|laziness, impatience, and hubris|
Re^6: Dealing with files with differing line endingsby Marshall (Canon)
|on Nov 15, 2021 at 20:33 UTC||Need Help??|
I experimented more with this (code attached below). Answering my own question - when reading a line using "<:raw", Perl is looking for a <LF> to determine the "end of line". This is the same thing that it does with the :CRLF layer. The difference is that with :raw, the CR (if any) immediately before the LF is not removed.
The terminology does get confusing because "\n" as written in Perl on Windows sometimes means <CR><LF> and sometimes it means only <LF>.
With the normal I/O layer, the <CR> in <CR><LF> will be removed before your Perl code ever sees the line. chomp() only operates on <LF>, not <CR><LF>.
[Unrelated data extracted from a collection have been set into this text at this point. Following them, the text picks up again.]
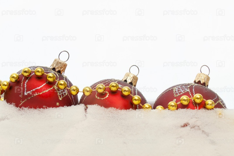 Красные елочные шары лежат в снегу на белом фоне
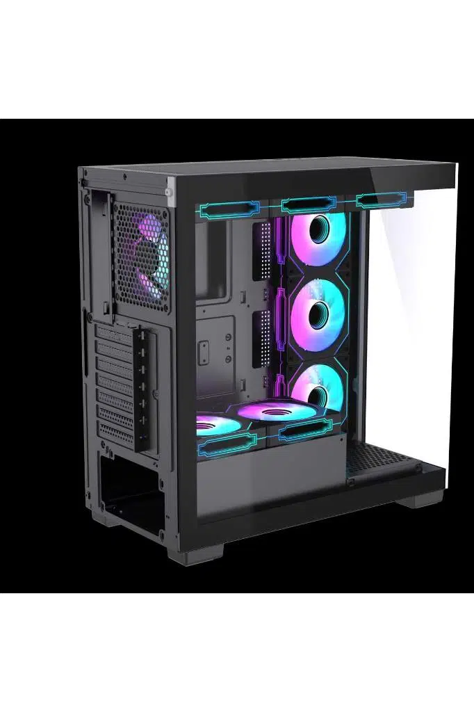 Kasa: Akvaryum tarzı, temper cam + RGB aydınlatmalı, 7 fanlı gösterişli tasarım
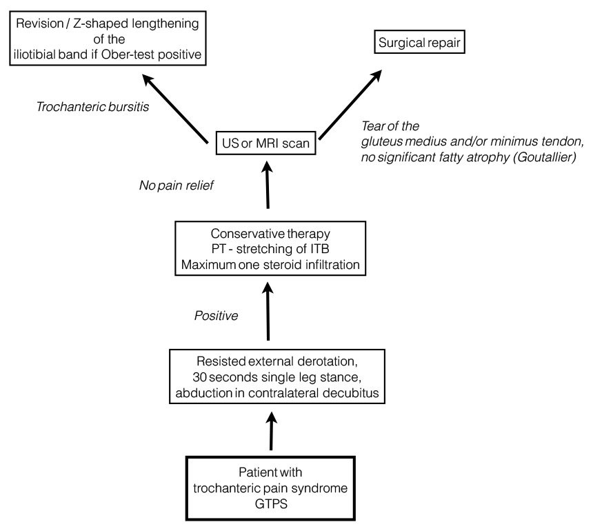Diagnostic algorithm for greater trochanteric pain after total hip replacement [58, 95].
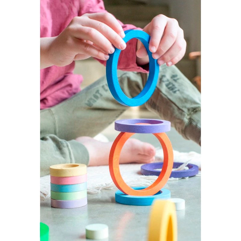 The set includes 24 concentric nesting rings. The rings come in six colours, for each of which there are four shades, from the beautiful bright Grapat signature rainbow colours right down to the gentlest of faded pastels. The rings also come in four different sizes that nest perfectly into each other.
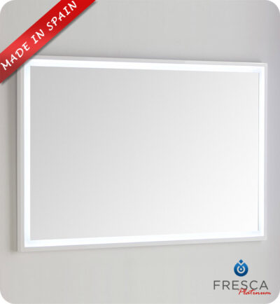 Fresca Platinum FPMR7640WH Napoli 40" White Gloss Sandblasting Mirror w/ LED Lighting, Touch Switch and Fog-Free System
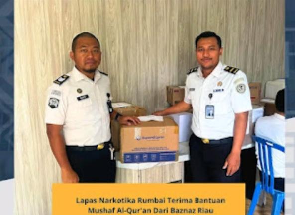 Kepala Lapas (Kalapas) Narkotika Rumbai, Reinhards Indra Pitoy, mengungkapkan mushaf Al-Qur’an tersebut nantinya dipergunakan untuk peningkatan pembinaan kerohanian Warga Binaan Pemasyarakatan (WBP) Muslim di Lapas Narkotika Rumbai untuk meningkatkan amal ibadah mereka selama menjalani masa pidana di Lapas.
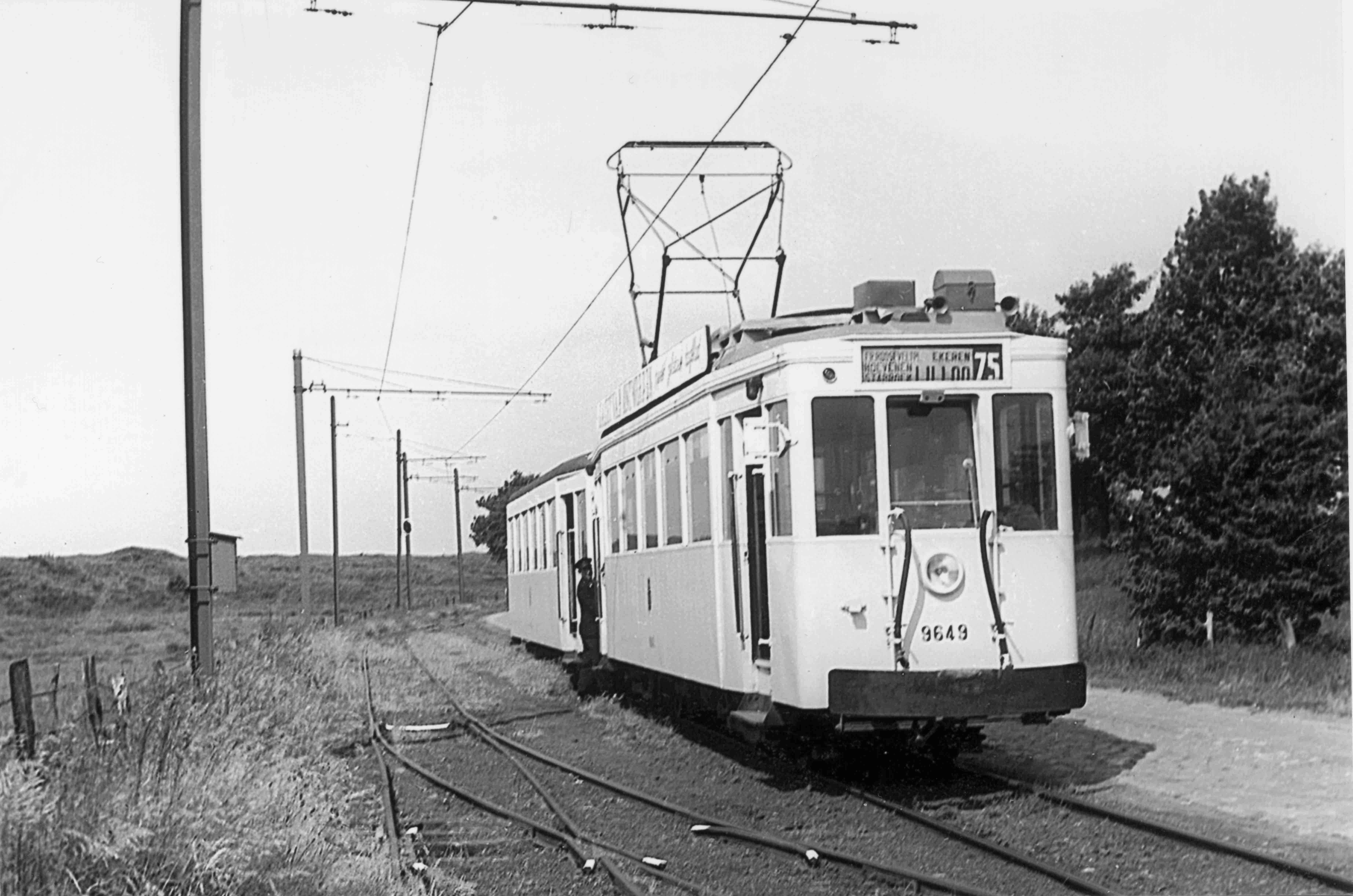 Op het kruispunt van de tramlijnen 75 & 77 hadden de NMVB, tegenover café/ boerderij Blauwhoef, hun stelplaats.
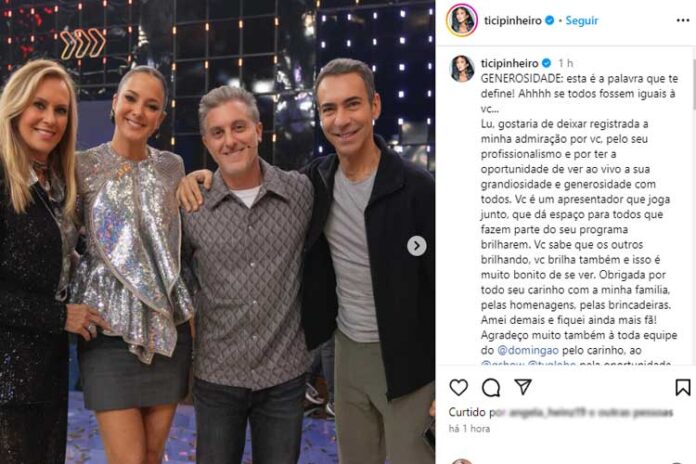 Para completar, Ticiane agradeceu à Record por tê-la liberado para participar do “Domingão”. “Amei demais e fiquei ainda mais fã! Agradeço muito também a toda equipe do @domingao pelo carinho, ao @gshow e @tvglobo pela oportunidade de viver tudo isso, e à minha emissora querida @recordtvoficial pela liberação”, disse na legenda da publicação.
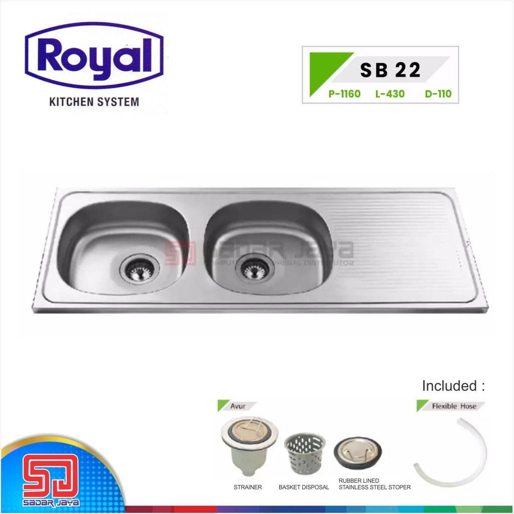 Royal Kitchen Sink SB 22 Wastafel Dapur Bak Cuci Piring 2 Bowl Sayap SB22 Work Top
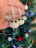 These little Snowballs are handmade with white earthenware clay and shiny glaze. The Snowballs are approx 2cm wide and 2.5cm tall.
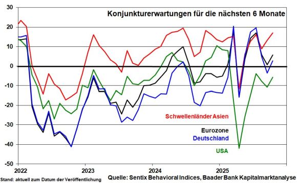 Aktienpositiv wirkt zudem die Aufhellung des weltkonjunkturellen Umfelds. Gemäß der vom Analyse-Institut Sentix ermittelten Konjunkturerwartungen für die nächsten sechs Monate ist eine Stabilisierung vor allem in Asien abzulesen, von der ebenso die exportzyklischen Aktien in Europa profitieren.
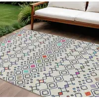 8' Blue And Gray Round Geometric Washable Indoor Outdoor Area Rug
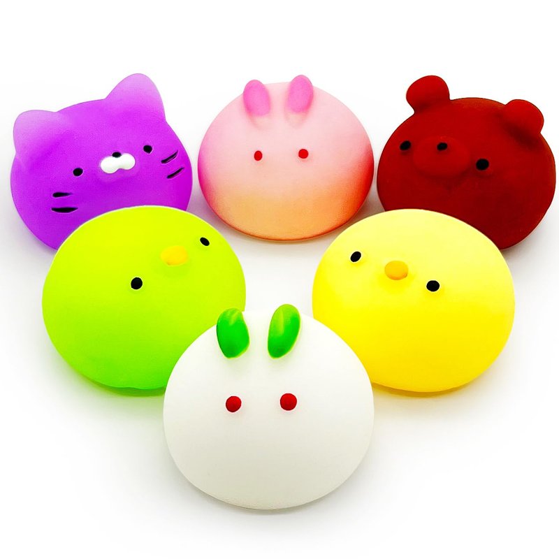 - 6 Pack Round Animal Squishy Toys: Receive a random package of 6 mochi squishy toys, squishy toys set contains bears, rabbits, chickens, cats four kinds of animals, and each animal has a variety of colors. A variety of animals making them perfect for kids party favors!
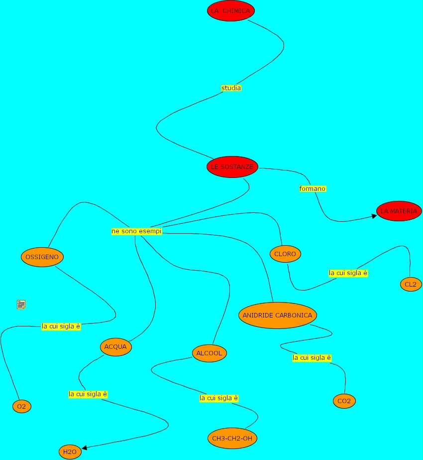 ACQUA la cui sigla � H2O, OSSIGENO la cui sigla � O2, CLORO la cui sigla � CL2, ANIDRIDE CARBONICA la cui sigla � CO2, LE SOSTANZE ne sono esempi ALCOOL, LE SOSTANZE ne sono esempi ANIDRIDE CARBONICA, LE SOSTANZE ne sono esempi CLORO, LE SOSTANZE ne sono esempi ACQUA, LE SOSTANZE ne sono esempi OSSIGENO, ALCOOL la cui sigla � CH3-CH2-OH, LA CHIMICA studia LE SOSTANZE, LE SOSTANZE formano LA MATERIA

Running two regexes as you suggest is not necessary, the standard I/O layer does this part: $text=~s/\r\n/\n/g; (remove any <CR> that immediately precedes a <LF>). Translating <CR> to <LF> would get the multiple lines contained within the input string into "normal line format".
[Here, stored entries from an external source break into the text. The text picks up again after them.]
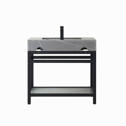 Vinnova Bilbao 36" Single Vanity With Matte Black Stainless Steel Bracket Match With Grey Sintered Stone Countertop Without Mirror
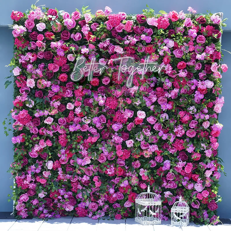 A7808 Red Purple Rose Peony Hydrangea Roll Up Cloth 5D Flower Wall Arrangement Wedding Backdrop Decor
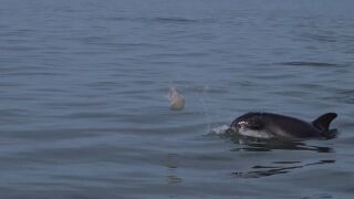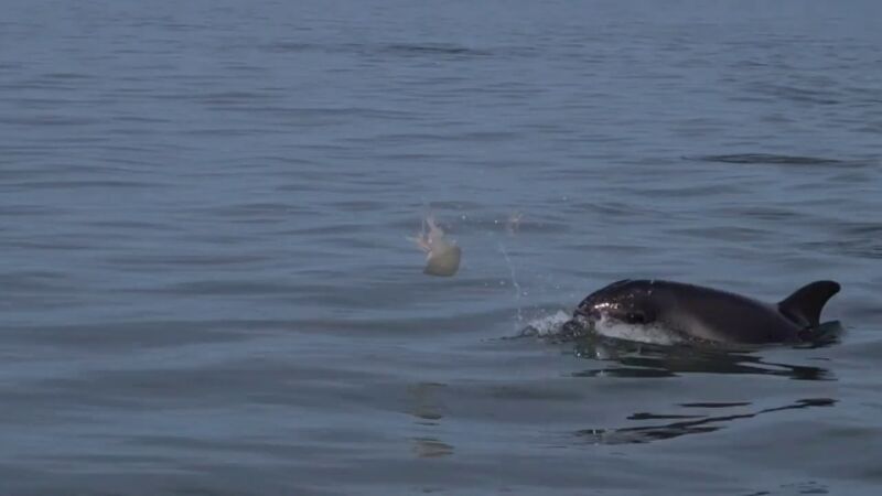 En el video compartido el 24 de enero, un delfín hace rebotar a la medusa dentro y fuera del agua con su nariz, mientras que otro sacude al pez en el aire con su cola.
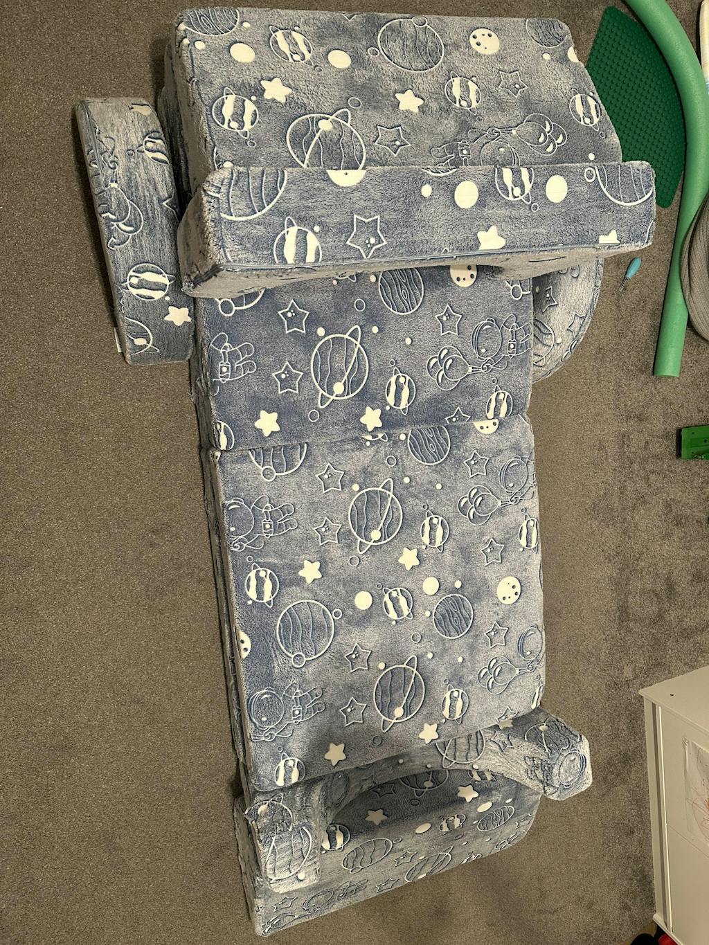 Das Sofa ist einfach toll. Genau das was wir für unseren Sohn gesucht haben ohne hunderte von Euro ausgeben zu müssen. Es war ein tolles Angebot. Auch das Muster ist sehr schön und leuchtet im dunklen. Es ist sehr zu empfehlen

So the rub here is that there is no easy way to say "give me a line" no matter old Mac,unix or windows. $/, the input record separator, is a string, not a regex. When you attempt to read a line from a file with <CR> terminated lines, you will get the entire file, not just one line because readline is looking for <LF>. Now having in effect slurped the entire file into one string variable, you can indeed split it up into "real lines". However now we have altered the program flow from reading a line at a time to reading the whole file into a buffer, modifying that buffer (perhaps with tr instead of regex) and then reading that buffer a line at a time.
Anyway, I did not see the need to burden the 99.99999% code with special stuff for this ancient Mac. There are also some memory issues with reading entire files into memory to process them when line by line processing is desired. It would also be possible to read part of the file, determine that \r should be the input record separator, then back up and use that. But that is "complicated".
I'm not working with Unix at the moment. But from memory, Perl code to read files line by line between Unix and Windows is the same. When reading a Windows file on Unix, the I/O layer zaps the <CR> and I never see it. When Windows reads a Unix file, it doesn't care that the <CR> isn't there. When writing a line on Unix, Perl writes a <LF> for "\n". When writing a line on Windows, Perl writes a <CR><LF> for "\n".
Mixed line ending files can happen. When I was working on Unix, my environment allowed me to click on a remote Unix file and edit it with my local Windows editor. Only the lines that I modified wound up with <CR><LF> endings. My editor preserved the exiting <LF> terminated lines. Perl and GNU C didn't have an issue with this and I didn't really worry about it. LPR was fussy. I had some simple Perl thing that read a line, chomped it, then printed line with "\n" (which on output is platform specific). Now that I think about it, it could be that chomp() was unnecessary, the read of the <CR><LF> line would have zapped the <CR> already. There would be no need to remove the <LF> only to add it back in.
Unix and Windows have <LF> in common and that works well. Ancient Mac with <CR> is a "weird duck".